Write the listing out once more, identical to the original but without pictures.

DATA EXCERPT:
——
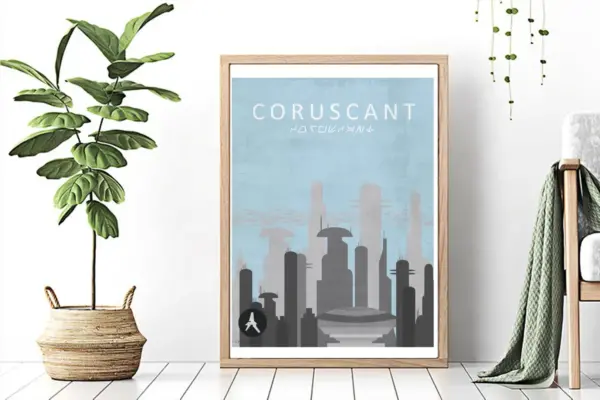 Stylish minimalist Star Wars poster featuring Coruscant. Perfect for sci-fi fans and collectors. Retro travel poster design. High-quality print.
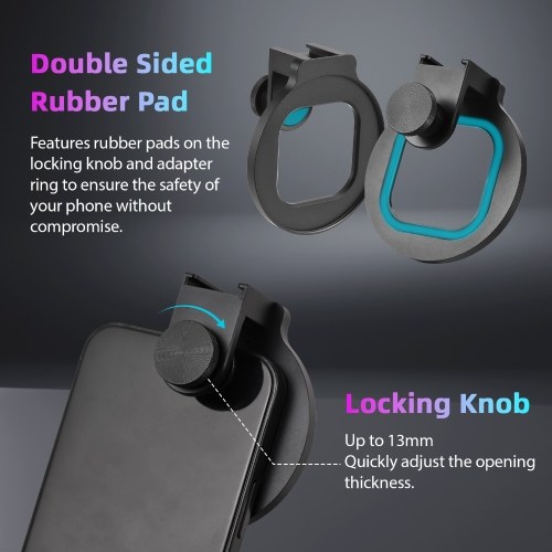 【Full Metal Material】The phone filter clamp is made of aluminum alloy material, sturdy and anti-rust. With rubber pad to prevent scratch to your smartphone.
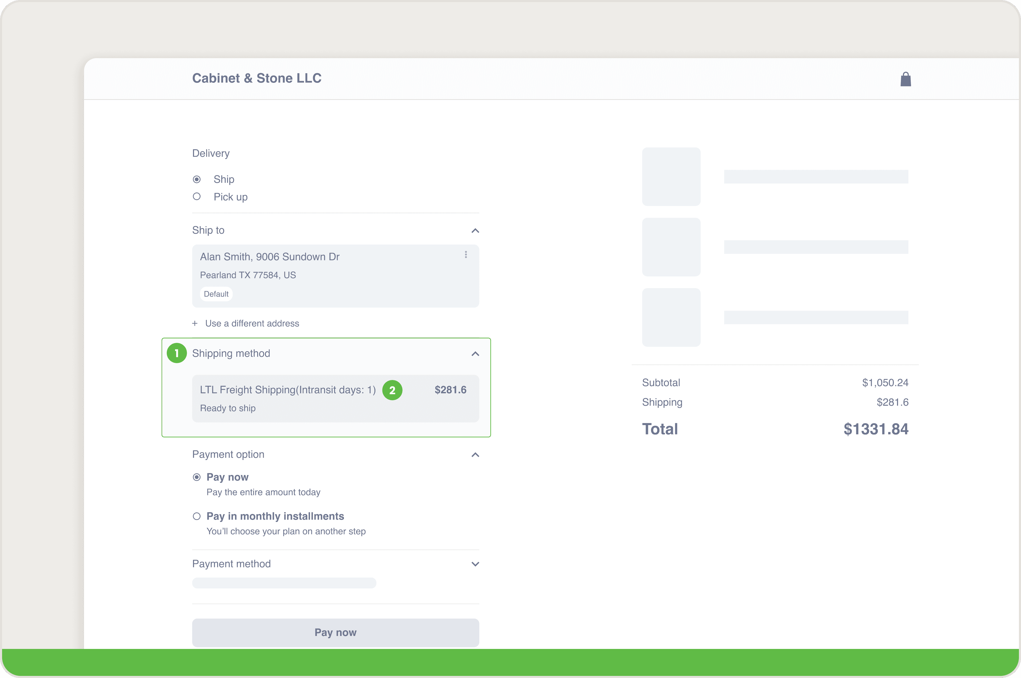 Defining dealer workflows and integrating freight logic for a cabinet wholesaler
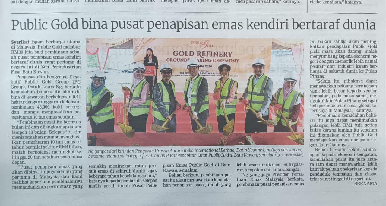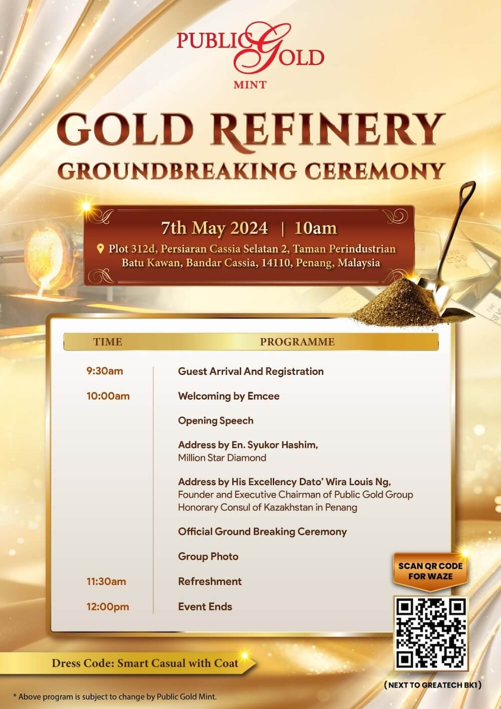Majlis pecah tanah hari tu sempena pembinaan kilang penulenan emas pada skala besar yang bukan sahaja sejarah buat Public Gold, tapi juga buat negara.
——
FINAL ANSWER:
 Stylish minimalist Star Wars poster featuring Coruscant. Perfect for sci-fi fans and collectors. Retro travel poster design. High-quality print.
 【Full Metal Material】The phone filter clamp is made of aluminum alloy material, sturdy and anti-rust. With rubber pad to prevent scratch to your smartphone.
 Defining dealer workflows and integrating freight logic for a cabinet wholesaler
Majlis pecah tanah hari tu sempena pembinaan kilang penulenan emas pada skala besar yang bukan sahaja sejarah buat Public Gold, tapi juga buat negara.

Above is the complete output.